Экс-ры IV 8 гл Дед раскрывает свои тайны

Глава 8

Грузинский князь

Договор – дед раскрывает свои тайны — грузинский князь – мы идём в магазин — о. Травяной

Дед раскрывает свои тайны

— Так как же получилось, что рыбы оказались в пруду, да ещё голодные, как стая собак, — сказал я.
— Как, как… я тебе уже объяснил как, сетка прохудилась вот, и поплыли на прогулку. Но они, видать, запомнили место, где кормились, вернулись обратно. А задвижку я не открывал, может кто-то другой это сделал. Я даже не подозревал, что они смылись на волю, а потом слышу, во дворе народ толкует о нападении каких-то монстров. Я сначала и не понял о чём речь. Потом только по телевизору в новостях сказали ну я к колодцу, а рыб нет, и задвижка открыта, что делать пришлось ждать. Они вернулись.
— А может сам забыл закрыть?
Дед пожал плечами.
— А может и сам забыл закрыть, не помню.

— Ещё бы я сам уже бывает, забываю, что сделал и что надо сделать, а ты старше меня в десять раз. Тебе по рангу положено забывать.
— Может и забыл, — сокрушённо ответил дед.
— Забыл он, — сказал я укоризненно. — А все ли вернулись рыбы, может кто-то из них остался в пруду, ты об этом думал.
— Да думал я, только кто же знал, что они набросятся на людей.
— А никому знать кроме тебя не надо ты сам их выпустил, тебя и судить будут, если найдут, конечно.
— Ну, так беги, сдавай, — ощетинился дед.
— А мне это надо, — я посмотрел не деда так, словно он меня принимал за стукача.
— Тебе это ясно не надо, — согласился дед. — Что же пойти в ментовку и заявить, что это сделал я глупо при нынешнем положении.

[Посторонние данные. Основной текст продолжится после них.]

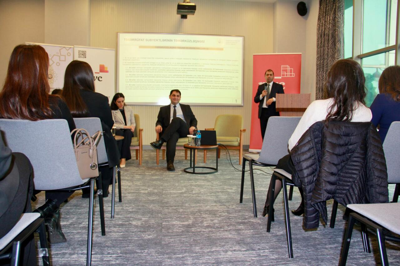 Tədbir çərçivəsində Antiinhisar Nəzarəti şöbəsinin müdiri Fuad Yadigarov "Yeni rəqabət qanunvericiliyində təmərküzləşmələrin tənzimlənməsi" mövzusunda təqdimatla çıxış edib. Tədbir iştirakçılarına təsərrüfat subyektlərinin təmərküzləşməsi, təmərküzləşmə hesab olunan hallar, razılıq alınması tələb olunan təmərküzləşmələr, eləcə də təmərküzləşmələrin qiymətləndirilməsi barədə ətraflı məlumat verilib.
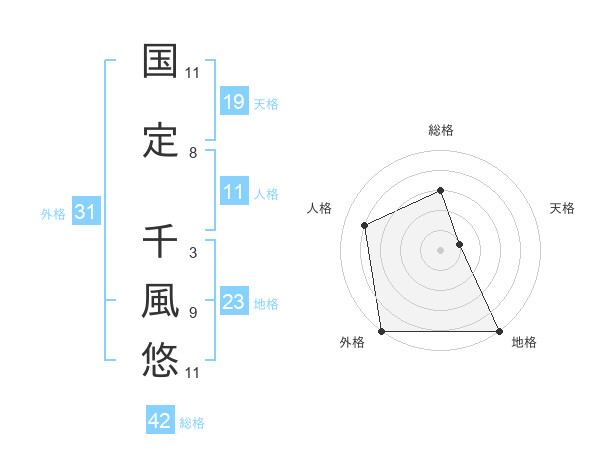 国定 千風悠さんを姓名の画数から五運を鑑定
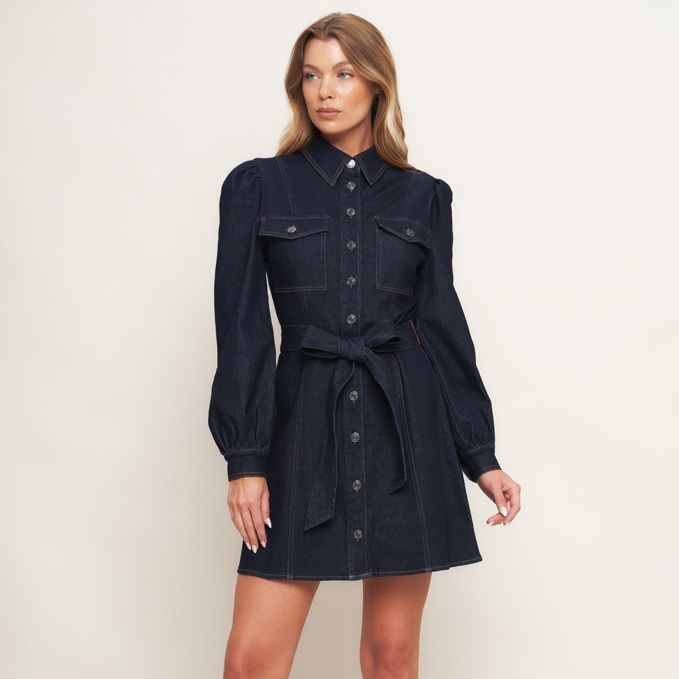 A denim mini dress featuring collar, long sleeve, front pocket, button down closure and self sash tie

Остаётся только послать денег родственникам, мол, такт и так хотя у меня рука не поднимется это сделать.
— Я думаю надо послать, — сказал я. — Пусть это будет хоть каким-то утешением. Всё-таки у людей горе были совместные планы на жизнь, а тут всё коню под хвост, да и похороны в копеечку влетят. А они никогда не запланированы…
— Да надо, но я не могу, руки трясутся, — сказал с мольбой дед. — Может, ты сделаешь.

— Можно сделать но так чтобы отправителя не нашли по штемпелю и обратному адресу, а адрес мы указывать разумеется не будем. Сначала письмо положим в почтовый ящик, где объясним, как можно будет получить деньги, — сказал я.
— Вот так можно, а сколько отправить, — спросил дед.
— Думаю миллиона два на семью.
— Согласен, что этого хватит главное, чтобы деньги сдуру не снесли в милицию.
— Это 20 тысяч могут снести, а не два миллиона, — заверил я деда.
— Поверишь ли, никогда на мне не было мокрухи, а тут сразу три трупа, да и пацана погрызли, как бы без ног не остался, — тяжело вздохнул дед.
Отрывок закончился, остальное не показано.